* _Material for this task_:

************

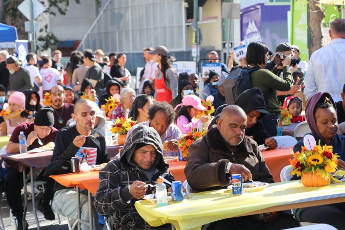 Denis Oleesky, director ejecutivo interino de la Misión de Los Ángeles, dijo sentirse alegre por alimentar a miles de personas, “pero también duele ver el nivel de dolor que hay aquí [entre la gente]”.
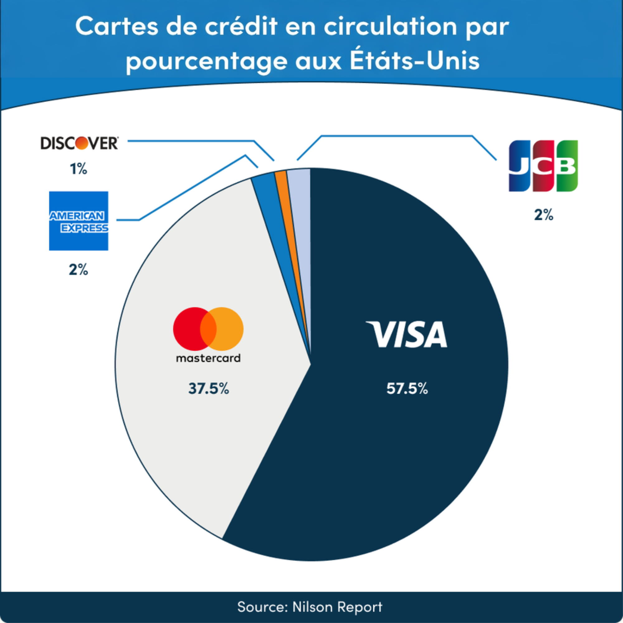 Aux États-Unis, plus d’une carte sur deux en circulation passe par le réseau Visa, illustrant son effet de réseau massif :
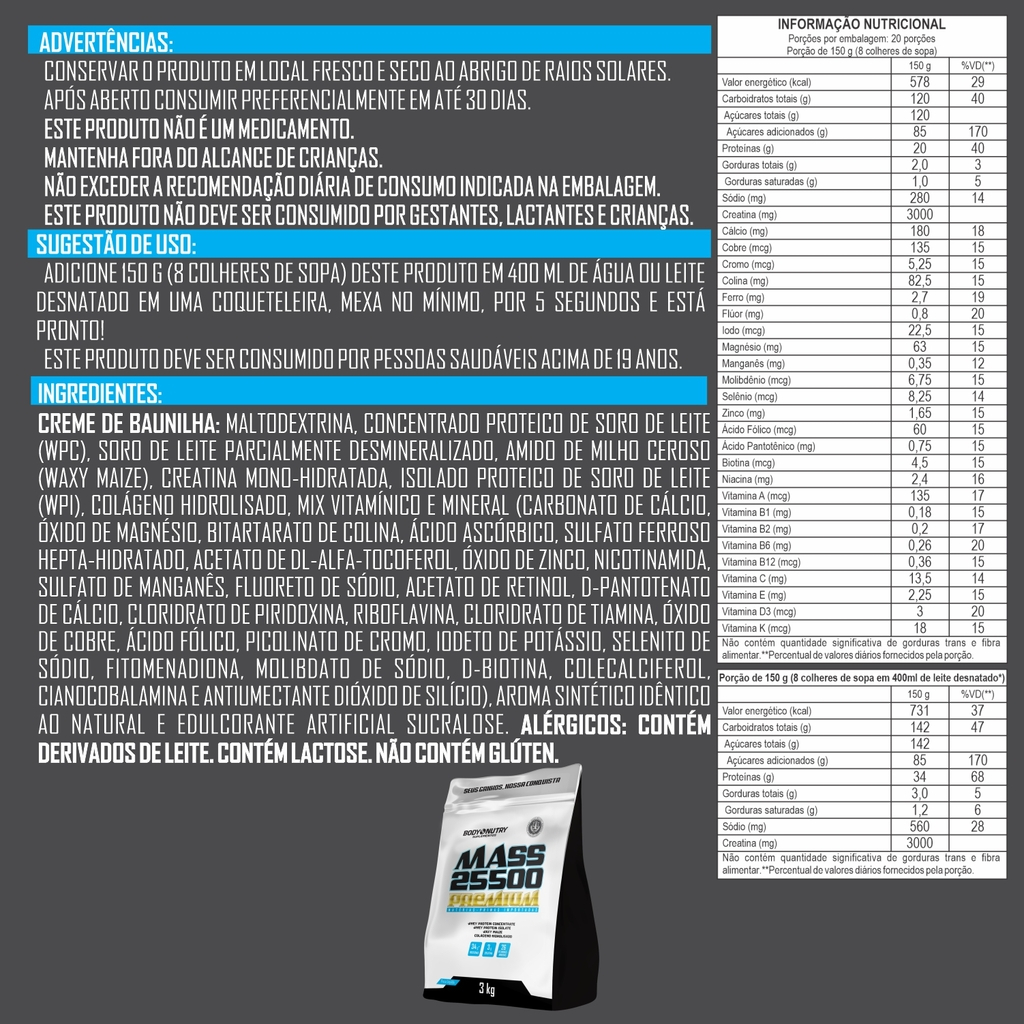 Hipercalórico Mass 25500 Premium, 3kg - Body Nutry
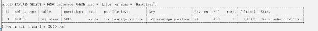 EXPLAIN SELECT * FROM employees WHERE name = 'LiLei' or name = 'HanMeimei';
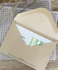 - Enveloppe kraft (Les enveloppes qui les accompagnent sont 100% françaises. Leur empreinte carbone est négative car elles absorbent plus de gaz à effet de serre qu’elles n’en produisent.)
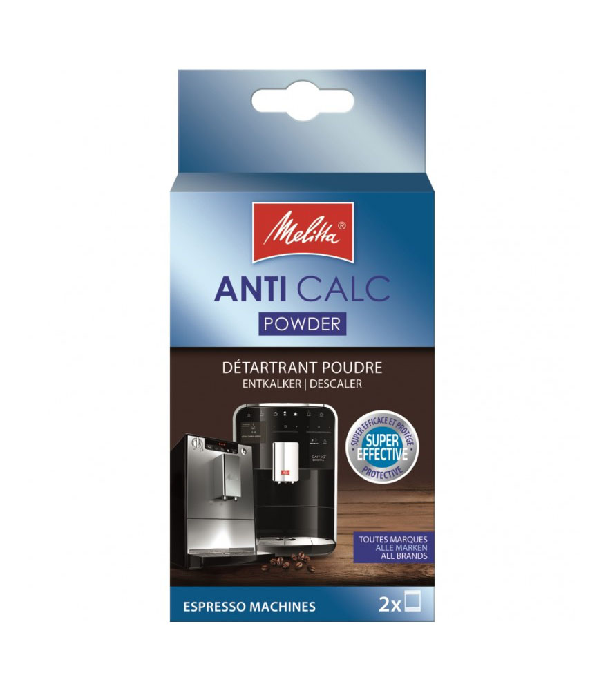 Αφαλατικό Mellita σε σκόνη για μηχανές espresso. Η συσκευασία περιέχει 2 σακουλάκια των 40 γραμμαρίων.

************

* _Problem to solve_:
Between and including the line above that contains "Aux États-Unis, plus" and the line that contains "EXPLAIN SELECT *", restate every line word for word. Pictures stay out.

* _Exercise answer_:
 Aux États-Unis, plus d’une carte sur deux en circulation passe par le réseau Visa, illustrant son effet de réseau massif :
 Hipercalórico Mass 25500 Premium, 3kg - Body Nutry
 EXPLAIN SELECT * FROM employees WHERE name = 'LiLei' or name = 'HanMeimei';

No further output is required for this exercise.